WASHINGTON, June 5, 2015 — On May 21, 2015, the U.S. International Trade Commission (“ITC”) voted 6-0 to continue the antidumping duty orders on Citric Acid and Certain Citrate Salts (“CACCS”) from Canada and China and the countervailing duty order on CACCS from China. This determination was made in the first five-year (“sunset”) review of the orders. Specifically, the ITC determined that revoking the antidumping duty and countervailing duty orders would be likely to lead to the continuation or recurrence of material injury within a reasonably foreseeable time. This determination follows a decision by the U.S. Department of Commerce that imports of CACCS from Canada and China would likely be sold at unfair prices, i.e. dumped, if the antidumping orders were revoked, and that imports from China would be unfairly subsidized if the countervailing duty order were revoked. As a result of these determinations, the orders will be in place for at least five more years, or until 2020.
The orders on CACCS from Canada and China were imposed in 2009 based on a petition filed by Archer Daniels Midland; Cargill, Incorporated; and Tate & Lyle Ingredients America. The ITC found that from 2006 to 2008, imports from Canada and China increased significantly and undercut the prices of the U.S. producers. The unfairly low prices of the imports prevented the domestic industry from earning any profits during 2006-2008, even though U.S. demand for citric acid was strong and increasing. In fact, the domestic industry suffered an operating loss of $40 million during 2006-2008. As a result, the ITC determined that the domestic industry was materially injured by reason of imports from Canada and China.

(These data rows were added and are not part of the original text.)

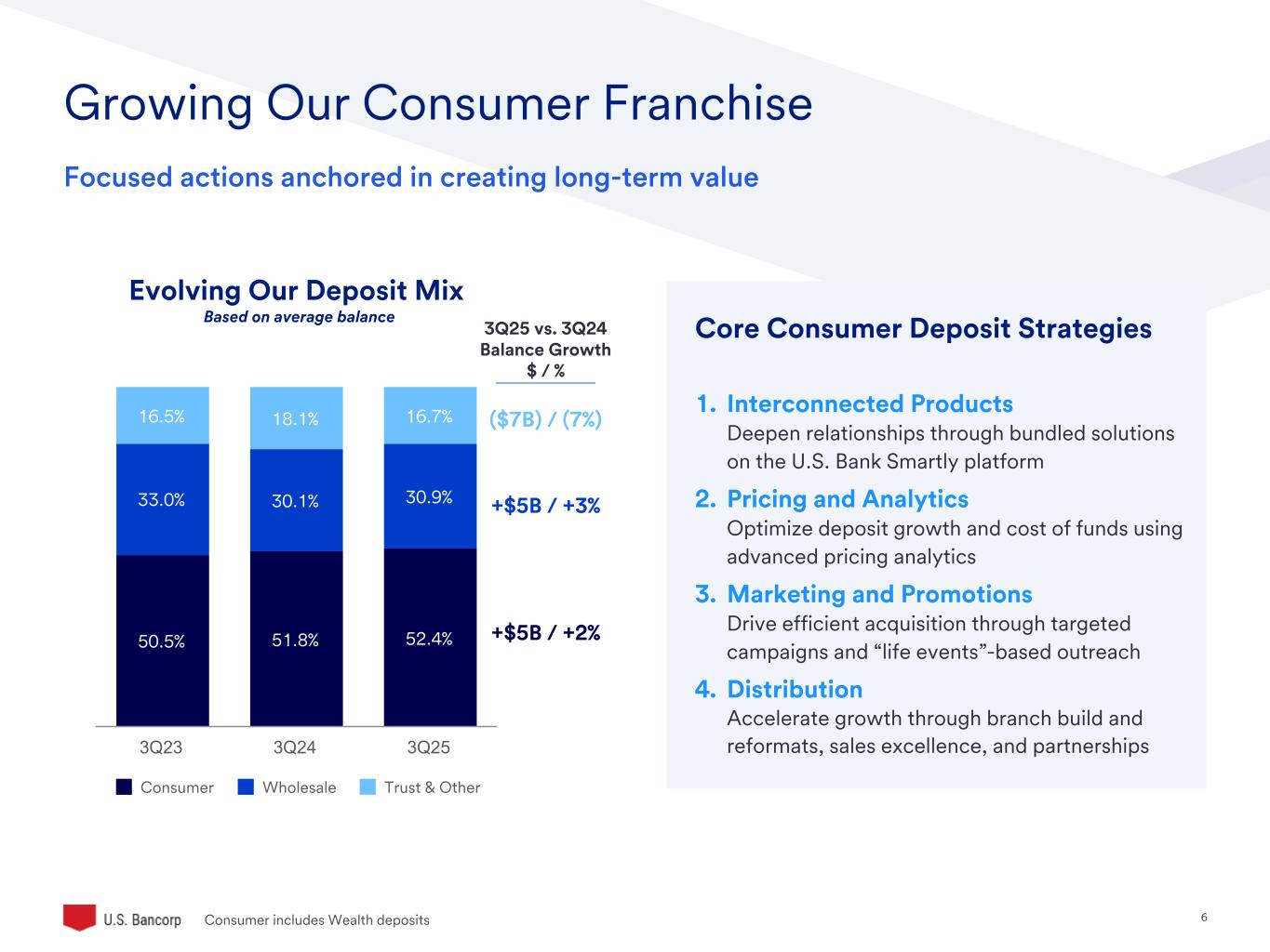 6 50.5% 51.8% 52.4% 33.0% 30.1% 30.9% 16.5% 18.1% 16.7% Consumer Wholesale Trust & Other 3Q23 3Q24 3Q25 Core Consumer Deposit Strategies 1. Interconnected Products Deepen relationships through bundled solutions on the U.S. Bank Smartly platform 2. Pricing and Analytics Optimize deposit growth and cost of funds using advanced pricing analytics 3. Marketing and Promotions Drive efficient acquisition through targeted campaigns and “life events”-based outreach 4. Distribution Accelerate growth through branch build and reformats, sales excellence, and partnerships Growing Our Consumer Franchise Evolving Our Deposit Mix Based on average balance 3Q25 vs. 3Q24 Balance Growth $ / % ($7B) / (7%) +$5B / +3% +$5B / +2% Focused actions anchored in creating long-term value Consumer includes Wealth deposits
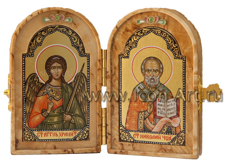 Во время войны войско всегда сопровождалось походной церковью, где также имелись небольшие походные складные иконостасы, а также каждый воин непременно имел у себя нагрудный маленький складень, с которым никогда не расставался. Наша иконописная мастерская предлагает Вам складни, выполненные из дорогой породы дерева – карельской березы. Из-за своего причудливого рисунка карельская береза с древности использовалась для создания и украшения художественных изделий.
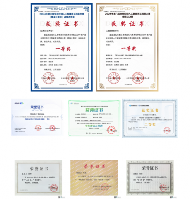 这些主动探索与实践,他在大学期间均一一落实。凭借对人工智能领域的初步学习和了解,他成功斩获第六届全球校园人工智能算法精英大赛—算法挑战赛—钢材表面缺陷检测与分割赛道全国一等奖。他回忆道:“国赛初期我们成绩欠佳,当时赛方明确要求模型参数规模需控制在1M以内。”他们先尝试调整模型结构、优化核心模块,但性能整体提升有限,且国赛仅剩不到一周,不同方案的试错成本已不允许他们在模型上继续反复尝试。意识到这一问题后,他们果断调整方向,将主攻重点从“修改模型” 转向 “专攻数据增强”,经过采用多种增强策略,借助多张显卡并行运行多个训练方案以高效试错,核心目标是精准拟合赛方提供的测试数据集分布。最终8k 原始数据扩充至 16.8w 规模,通过这种“过拟合” 的方式积累的大量细节分数,他们的队伍成功跻身全国第十。
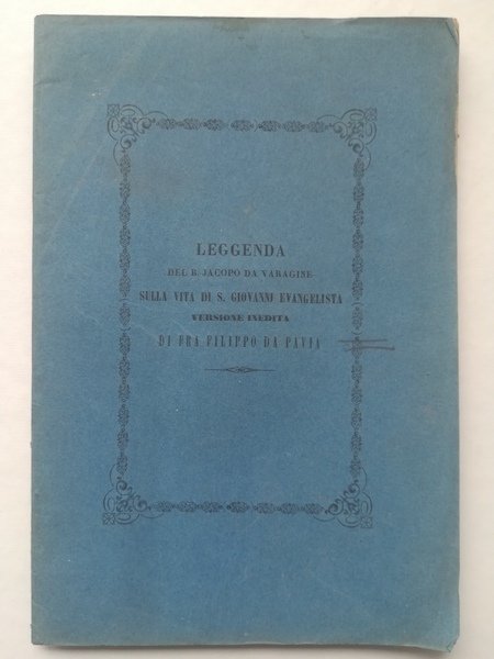 In 8 (cm 16 x 23,5), pp. 17 + (1). Brossura editoriale. Pubblicazione edita in occasione dell'ingresso a S. Pantaleone, a Venezia, del nuovo pievano Bartolomeo Degan. La leggenda di Jacopo da Varagine e' tratta da un codice conservato nella Biblioteca Marciana, trascritto nel secolo X, attribuita a Fra Filippo di Pavia. Zambrini, Le opre volgari a stampa dei secoli XIII e XIV, p. 567.
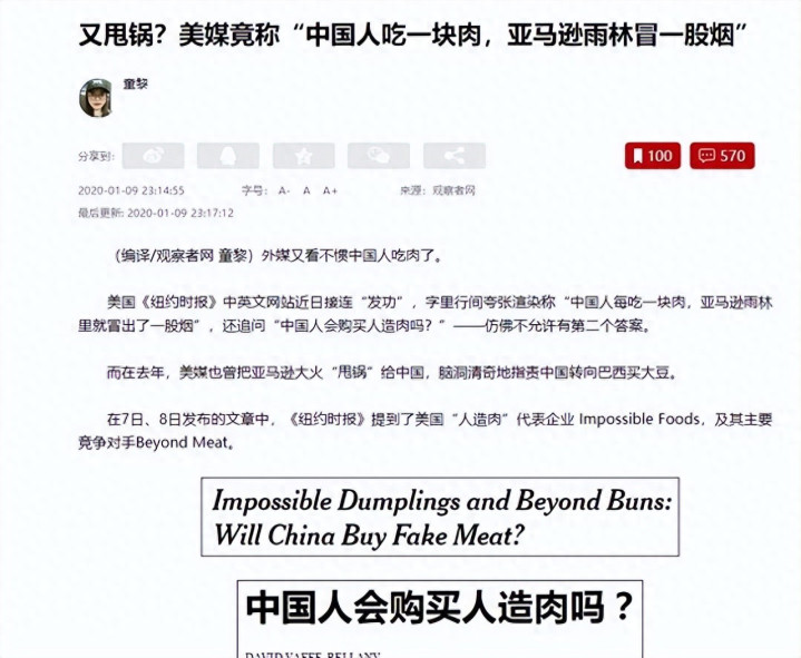 2020年1月拉斯维加斯CES上,美国人造肉公司Impossible Foods推出植物猪肉和香肠,该公司老板帕特·布朗直接把矛头对准中国市场。他说中国是肉类消费大国,土地不够养那么多动物,如果中国人再多吃点肉,慢性病爆棚,医疗系统根本扛不住,到2030年光健康支出就多出140亿美元。
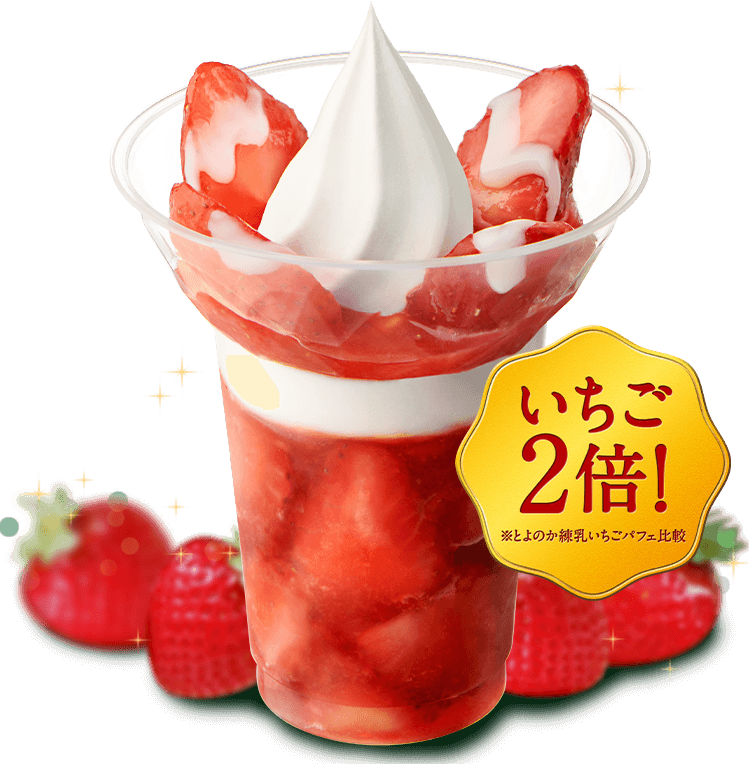 いちごが2倍!たっぷりいちごパフェ「とよのかいちごパフェ」の1.5倍のお値段でいちご量2倍!ソースも倍量使用し、よりみずみずしいおいしさに仕上げました。いちごが2倍!たっぷりいちごパフェ「とよのかいちごパフェ」の1.5倍のお値段でいちご量2倍!ソースも倍量使用し、よりみずみずしいおいしさに仕上げました。

After the orders were imposed, imports from both countries declined, fair pricing levels returned to the U.S. market, and the condition of the domestic industry improved dramatically. This allowed U.S. producers to resume the capital investments needed to sustain their operations and to ensure U.S. purchasers of continuing supplies of citric acid made in the United States. In the sunset review, the ITC determined that the injurious state of the industry prior to imposition of the orders would be likely to recur if the orders were revoked.
“We are very appreciative of the hard work of the Commissioners and their staff in gathering and carefully reviewing the extensive evidence in this review,” stated Joe Dorn, a partner at King & Spalding and lead counsel for the domestic industry. “We are pleased that the Commission reached a unanimous, affirmative determination. The evidence was very clear in this case that revocation would lead to increased imports at unfairly low prices. The continuation of the orders should enable the domestic industry to compete with imports from Canada and China under conditions of fair trade and prevent a recurrence of material injury.”
Antidumping duties and countervailing duties are imposed to ensure that foreign producers do not enjoy an unfair price advantage to the detriment of U.S. firms and U.S. workers. U.S. importers must pay antidumping duties to offset any unfair price advantage and countervailing duties to offset the benefits of any government subsidies. These U.S. trade laws are consistent with the rules of the World Trade Organization, which have been agreed to by all 161 members of the WTO.